Measuring what works is challenging but essential. 

It can be difficult to prove the impact of a program like Equity Dialogues. While there's anecdotal evidence of friendships made and sustained through these conversations, it’s not easy to quantify the strength of citywide social connectedness and how it changes over time. However, Tulsa—recognized by What Works Cities Certification as one of the best at using data to deliver for residents—has more tools than most cities in this regard.

One of those tools is Tulsa Equality Indicators, a data-driven effort begun in 2017 to measure and track disparities among Tulsans over time. The data offer a high-level view of how the city is doing in its efforts to become more equitable, giving participants of Equity Dialogues conversations plenty to discuss and potentially advocate around. In addition, Reyes says indicators tracking representation on government boards as well as voter turnout are proxies for some of the aspects of social cohesion that Equity Dialogues are trying to build.

Reyes also notes that qualitative data from participants can shed light on what’s working and what needs improvement. While programs often focus on delivery when they reach the implementation phase, she points to ongoing community input as a critical component to improving the program. Feedback from first-year participants, for example, prompted the city to root the program with more formalized training, Reyes says.

It takes sustained investment and partnerships to unlock long-term gains.  

With Equity Dialogues, Tulsa is making a long-term play of a kind you don't often see in local government; residents are often consulted about plans under development but it’s rare to see residents engaged in the implementation on an ongoing basis, Reyes says. 

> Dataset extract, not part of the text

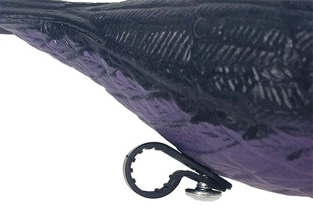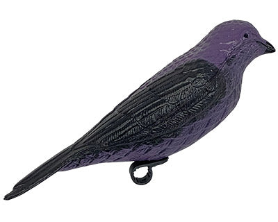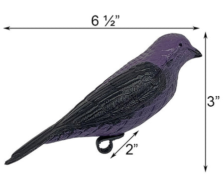 Help attract martins to the gourds or shelters in your yard by placing this S&K Purple Martin Decoy on one. These birds typically roost in colonies, so placing a few decoys around and on your martin houses can aid in attracting them. A purple body and black wings add realistic color to this unit, while individual feather shapes and a split tail design lend it lifelike detail. Its rounded, bottom ring slides onto perching rods up to 0.375" in diameter, or the base can be affixed to a door edge or roof of your existing martin house. The plastic body lasts all season, and the divided tail and purple and black hues perfectly mimic a real martin. Help establish a martin colony in your yard with this Purple Martin Decoy.

Doing that requires someone in city hall to champion the effort. To ensure that continues in a structured and supported way, the city recently moved the group Reyes manages—the Mayor’s Office of Resilience and Equity—into a new Department of City Experience that is charged with injecting a community focus into how the city invests in neighborhoods. 

Building this community-based civic engagement infrastructure can also provide opportunities for partnerships in government, both advancing the work itself and helping stakeholders understand how they can use these resources to achieve their department’s goals. Reyes points to a partnership with the Economic Development Authority, which hired Equity Dialogues-trained facilitators to host conversations around economic development and racial equity, as an example of how the program can have positive impacts across government priorities.

This all helps sustain the funding and relationships necessary to maintain programming opportunities and expand the audience that is being reached. "One thing we talk about in my team is that community engagement takes resources," Reyes says. "Whether you’re finding a grant or allocating some budget, engaging communities is not without cost to do it right and in a meaningful and welcoming way."